|
Палитра жизни
Комната в синем полумраке. Фотография девушки на столе - сама
девушка очень далеко. Подоконник с улицы завален снегом, снегом покрыто
и все видимое пространство; чуть только выглядывает покосившийся забор,
поодаль - дерево-инвалид, на дереве - хмурая ворона. Весь пейзаж обрамлен
в обшарпанный оконный переплет и скупо посыпается снежком. Передний план
составляют чашка остывшего чаю с тусклым бликом на золотом ободке и дотлевающий
в пепельнице окурок. Главный герой молчит и смотрит в окно уже довольно
продолжительное время.

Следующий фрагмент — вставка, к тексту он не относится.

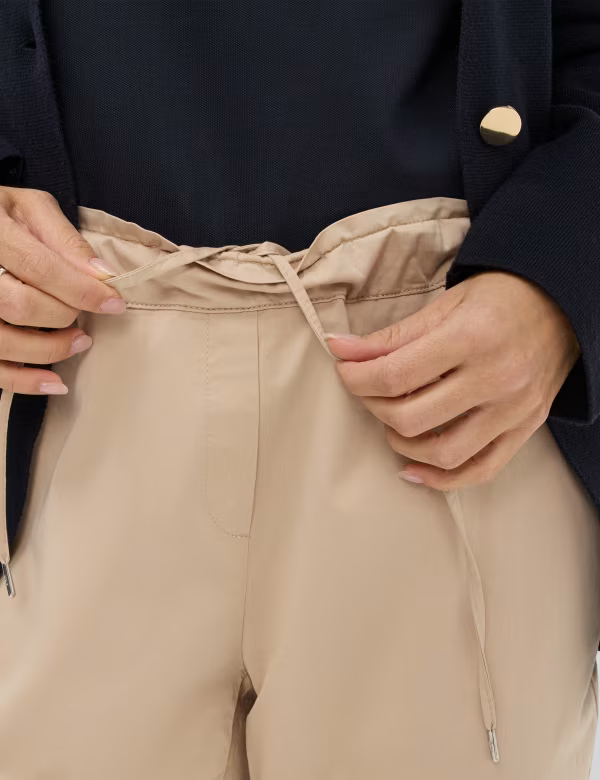 Calça chino intemporais, com corte cônico, cintura alta e perna afunilada.

И сцена эта, несмотря на свою статичность и обыденность,
самая трагичная во всем рассказе - вы только вдумайтесь: он сидит, молча,
почти не шевелясь, смотрит в окно, в это однотонное, начинающее голубеть
пространство - и на фоне всего медленно, но неумолимо падают и падают снежинки.
Падают и кружатся снежинки - ведь это страшно, не правда ли?

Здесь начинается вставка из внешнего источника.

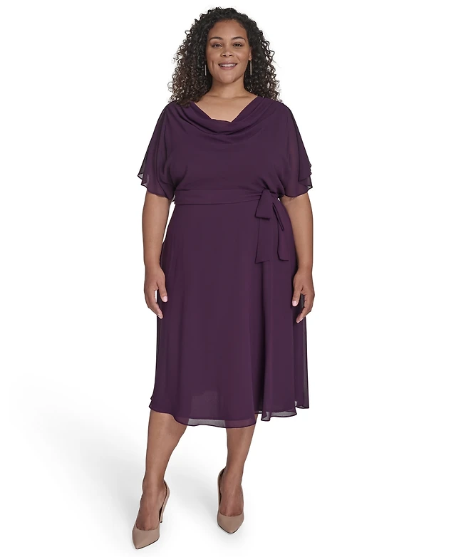 Jessica Howard Plus Boat Neck Asymmetric Side Ruched Midi Dress

Но довольно об этом. Ближе к жизни; эти голубые тона придется,
пожалуй, скомпенсировать. Как там бишь говорит теория? Оранжевый? Что бы
это могло означать... Ладно, пяток апельсинов на розовой скатерти в любом
случае не испортят дела. Красное вино в рюмках. Хванчкара? Темновато, но
ничего, сойдет. Наконец, она - рыжая, как солнце в кудряшках и с большущими
глазами - сидит напротив, хлопает ресницами. Вина выпили от души, языки
заплетаются и разговор идет о сексе.
Самое главное, никуда не нужно идти; если потребуется блевать
- таз под кроватью. Впрочем, можно и так, в окно, он придержит за ноги.
Потом она разденется, станет на стул. Ей нравится, когда ее фотографируют
обнаженной; тело ее, несмотря на загар, четко выделяется на фоне бордовых,
с разводами, обоев - и главный герой, икая, разглядывает сквозь объектив
ее диафрагму. Пленка чужая - и фотоаппарат не его; то-то будет сюрприз
товарищу. На ее теле нет симпатичных светлых полосок на тех местах, где
должен быть купальник - что за мода пошла загорать голышом...

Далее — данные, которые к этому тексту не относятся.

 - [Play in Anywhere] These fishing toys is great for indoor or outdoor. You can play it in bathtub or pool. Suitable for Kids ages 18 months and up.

Отрубился он почему-то в коридоре, куда пошел, чтобы выплеснуть
стакан вина; из-под двери тянуло холодом - а ему снился золотой пляж, там
было тепло, висело апельсиновое солнце, плескались и загорали шоколадные
девушки. А еще ему страшно хотелось пить - но на пляже не было ни единого
киоска. Главный герой плюнул в сердцах, содрал с неба солнце и стал его
раздраженно чистить - а ветер все что-то тоскливо напевал и напевал под
дверью.
Она спала на диване под пледом, свернувшись калачиком - и во
сне у нее было детское и обиженное лицо. В окно заглядывало оранжевое,
с неживым оттенком, ночное небо - но его никто не хотел видеть.
Утром он, пожелтевший, с больной головой, тупо смотрел в угол;
она же, умыв свое заспанное личико, снова стала рыжей и симпатичной - и
став таковой, тут же стала требовать с него подарок. Ей хотелось джинсы,
на худой конец французские духи...
Впрочем, в жизни бывают картинки и менее яркие. Например,
представьте себе блекло-серое, с разводами, небо. Имеется в виду хороший,
респектабельный серый цвет. В тон небу отливает река, одетая в камень.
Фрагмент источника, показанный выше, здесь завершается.